Detroit Jimmy on pro sponsorships and remembering Payne Stewart
This is the time of year when agents scour the corporate landscape for sponsorship deals. Over the years I've negotiated contracts on behalf of sponsors with Chip Beck, David Berganio, Ben Crenshaw, Steve Elkington, J.J. Henry and others.
There's actually a kind of unofficial scale a player can expect to be paid depending on the placement of the logo (headgear, chest, bag or sleeve), the player's celebrity and his finish on the money list. At Buick we needed guys who could glad-hand dealers during corporate appearances and who wouldn't get in trouble off the course, so we insisted on face-to-face meetings to get a feel for the person.

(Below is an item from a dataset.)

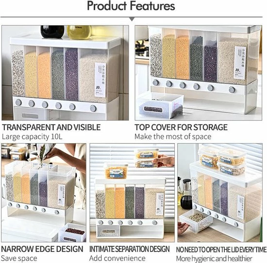 De Food Dispenser wordt geleverd met 6 verschillende containers. Dankzij de vocht bestendige materiaal worden jouw ingrediรซnten droog en luchtdicht bewaard wat jouw ingrediรซnten langer houdbaar maakt!

These usually went fine, but occasionally we would meet players who were clueless. These guys knew nothing about GM, Buick or the car business in general. They would ramble on about their personal lives or talk about other companies or products. One player we met spent 45 minutes bemoaning the state of the Tour's pension program. We hadn't said a word the entire time, yet when he finished he said, "So, what do you think, do we have a deal?" It was astonishing.
This is also the time of year I think about Payne Stewart, who died on Oct. 25, 1999. On my desk sits a bottle of wine from the 1999 Skins Game, which took place only a month after Stewart's death. Fred Couples, David Duval, Sergio Garcia and Mark O'Meara played, and their names are etched on the bottle along with a dedication to Payne. It's special to me because I played with Stewart in a pro-am at the 1997 Buick Open.
He introduced himself to our group on the 1st tee and asked if we wanted to win, then said that he did because he needed the money. (The purse was $10,000.) We agreed that we wanted to win too, and he explained his two pro-am rules.
"Number 1," he said, "is when you take off your glove, always put the open end in the pocket and let the fingers hang out the back. I'm a professional, and if you're going to play with me, you have to look like a pro. Second, I don't care if you just hit the three-wood of your life 265 yards over water to three inches when we get to the green, the applause is for me, got that?"
I think I'll open that wine next year, on the 10th anniversary of his death. I'm pretty sure Payne wouldn't want it to go to waste.